Thursday, July 22, 2010

MapBookFest IV: The Map as Art

In which I look at the fourth of the four books covered in Steven Heller's March 7 New York Times review of books about maps.

Katharine Harmon is the editor of the fabulous 2003 collection of map-related art called You Are Here: Personal Geographies and Other Maps of the Imagination, so it comes as no surprise that The Map as Art is also a strong and well-curated collection.

Where the earlier title encompassed both vintage and current mappy art, however, the newer volume focuses strictly on work by contemporary artists.

There is much to like here, and readers who have caught on to my taste for the arbitrary and whimsical will not be surprised that I have a special fondness for Jerry Gretzinger's randomly generated cartographic empire.

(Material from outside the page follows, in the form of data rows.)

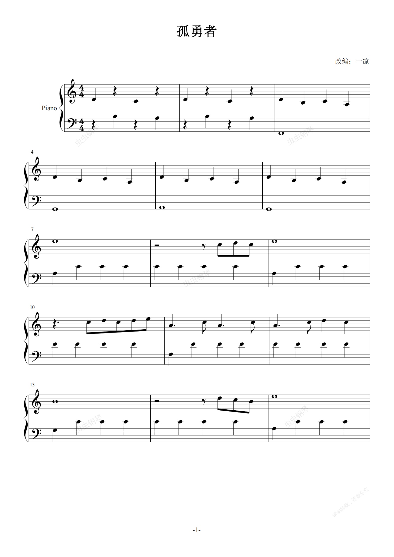 钢琴谱:孤勇者-陈奕迅 最易上手版本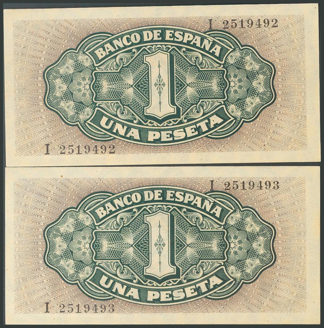 1 Peseta. 4 de Septiembre de 1940. Pareja correlativa. Serie I, última serie emitida. (Edifil 2017: 442a). Conserva todo su apresto original. SC.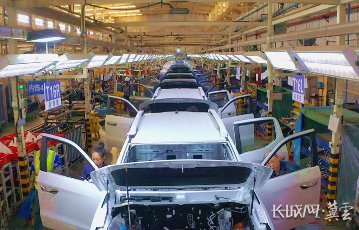 河北长安汽车有限公司总装二车间生产线,线上正在生产的是全球首款增程式皮卡车。长城网·冀云客户端记者 赵博轩 摄

For a book titled The Map as Art, however, it contains quite a few works that stray pretty far into only vaguely mappish abstractions or pieces that, although related to the environment or to place, don't really have much to do with cartography per se. This makes it, on the whole, less appealing to the map geek than You Are Here.

Of course, it is always exciting to recognize the lineaments of the City of Roses!

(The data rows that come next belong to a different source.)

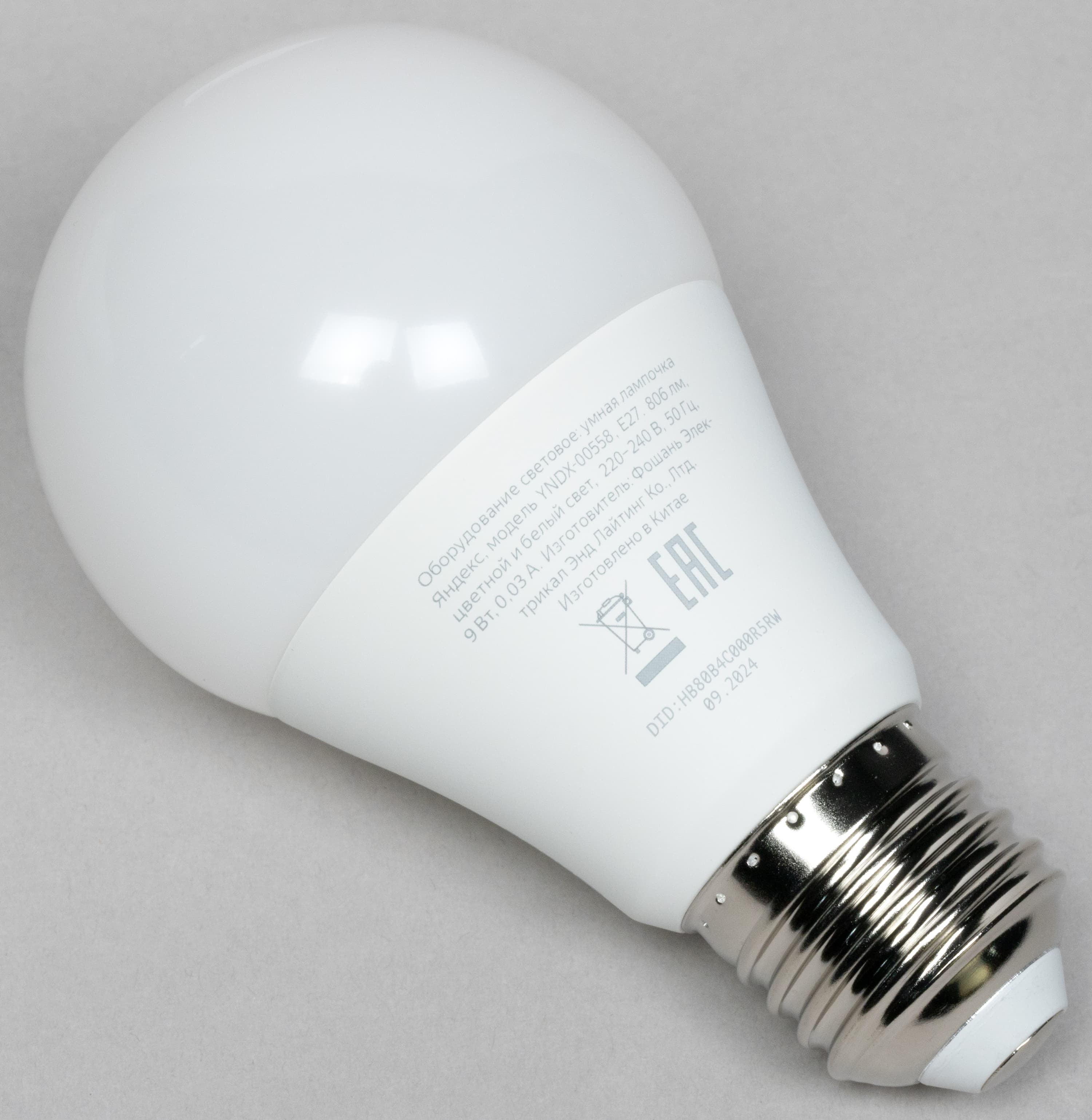 Модификация, не поддерживающая смену цветов. В остальном практически не отличается от «коллег», рассмотренных выше. Стоит дешевле RGB-лампы с тем же максимальным световым потоком, но на момент подготовки обзора разница крайне невелика — всего на 200 рублей. Вряд ли стоит ради такой экономии отказываться от потенциально полезной возможности менять цвет свечения. Но тут каждый ориентируется на свои цели и задачи, конечно.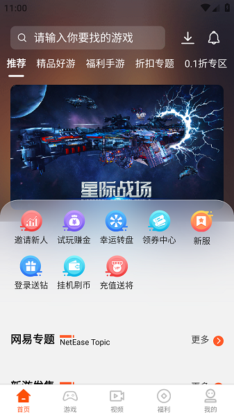 2、进入首页,为玩家推荐了很多的游戏资源,及时发现当前最火爆的游戏。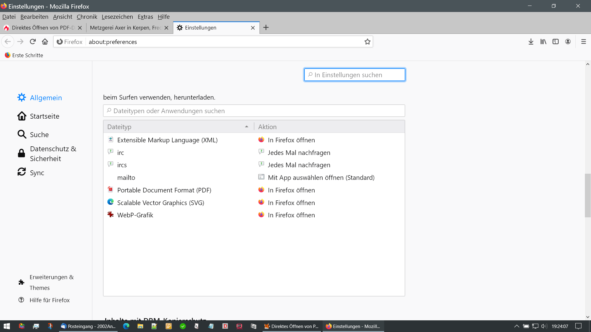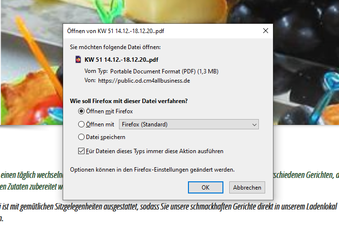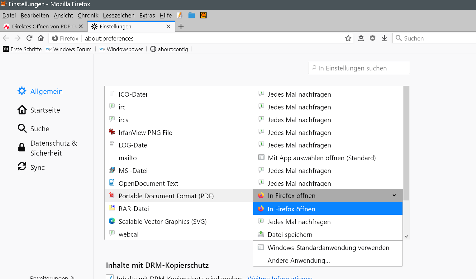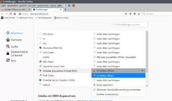 Dabei spielt es keine Rolle, ob der Haken gesetzt ist bei "Für Dateien dieses Typs immer dies Aktion ausführen" oder welche Aktion gewählt wurde. Ist es möglich, es so einzustelen, dass dieses Fenster überhaupt nicht mehr erscheint, sondern das nach Anklicken von PDF downloaden die Datei direkt im PDF-Viewer angezeigt wird?

And there is, to be sure, plenty of cool stuff!

Do I have a personal favorite from the book? Why yes, I do!

...and thus ends the MapBookFest series. Thanks to KarmaSartre for pointing out the Stephen Heller article to me.


Aviatrix said...

I wonder if the "styling by" credit is a snide remark about the child or spouse who left their discarded clothes all over the room. The different last name suggests no, but I have no expertise in modern Dutch nametaking conventions.

Elaine said...

What happened to the boring postcard???

Elaine said...

Never mind.

Dug said...

Yes I also like the "You Are Here" book much better but this one is also "strong and well curated." For some reason though I really hate the map on the cover and I don't think it's because it's upside down.
That Gretzinger map looks a lot like Portland. Imagine no Vancouver (Wash.) I wonder if you can. Nothing to kill or die for....

Jenners said...

I have really enjoyed reading these posts ... you do make a great point for maps being art.